Of the lines in the material below, print only those from the one containing "- Manage late" to the one containing "in-demand ! Floerns", ends included, exactly as written and without pictures.

─── Study material

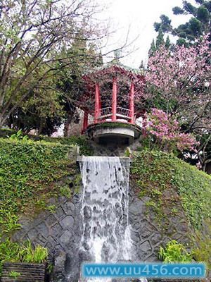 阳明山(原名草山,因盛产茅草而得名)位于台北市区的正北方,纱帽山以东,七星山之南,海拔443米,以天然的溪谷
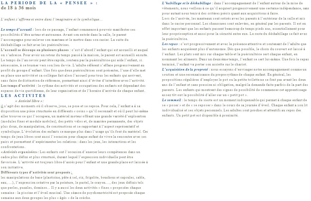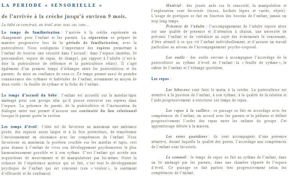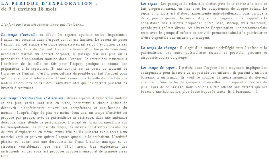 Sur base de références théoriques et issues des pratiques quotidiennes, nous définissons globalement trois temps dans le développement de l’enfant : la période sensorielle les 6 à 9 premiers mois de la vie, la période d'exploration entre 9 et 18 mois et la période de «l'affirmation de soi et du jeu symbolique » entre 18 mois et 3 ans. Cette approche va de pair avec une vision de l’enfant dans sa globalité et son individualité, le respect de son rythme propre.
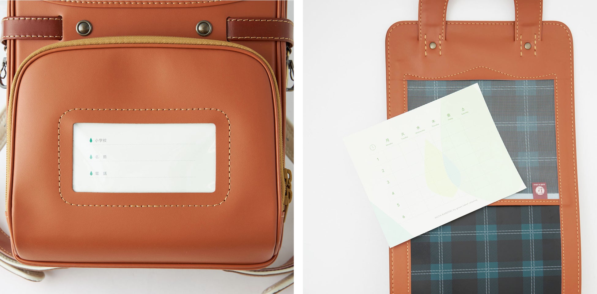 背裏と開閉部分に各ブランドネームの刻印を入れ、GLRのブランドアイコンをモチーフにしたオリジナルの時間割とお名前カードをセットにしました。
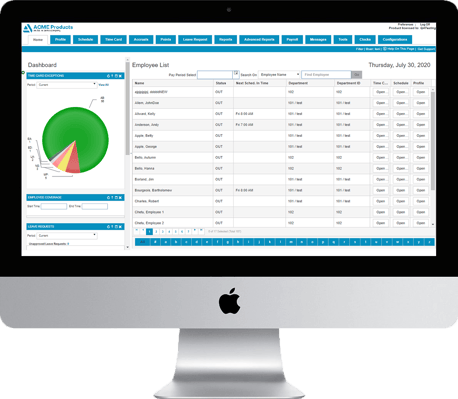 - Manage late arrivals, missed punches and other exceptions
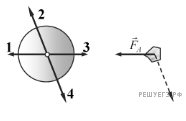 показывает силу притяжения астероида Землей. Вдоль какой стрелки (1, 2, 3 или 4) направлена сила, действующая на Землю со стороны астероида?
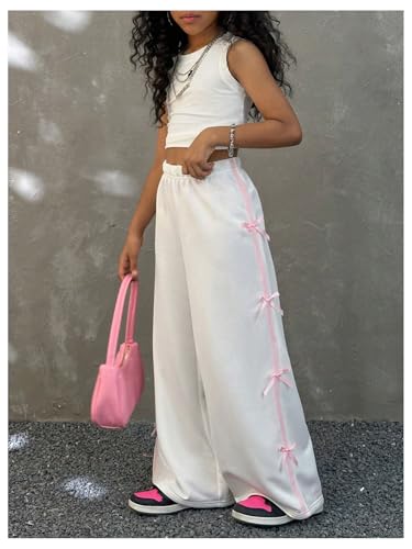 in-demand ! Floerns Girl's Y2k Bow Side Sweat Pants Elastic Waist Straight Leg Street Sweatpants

──────
─── Study material

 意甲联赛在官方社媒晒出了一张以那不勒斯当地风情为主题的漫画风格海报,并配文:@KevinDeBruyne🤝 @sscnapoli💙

──────

[Response for this exercise]:
 - Manage late arrivals, missed punches and other exceptions
 показывает силу притяжения астероида Землей. Вдоль какой стрелки (1, 2, 3 или 4) направлена сила, действующая на Землю со стороны астероида?
 in-demand ! Floerns Girl's Y2k Bow Side Sweat Pants Elastic Waist Straight Leg Street Sweatpants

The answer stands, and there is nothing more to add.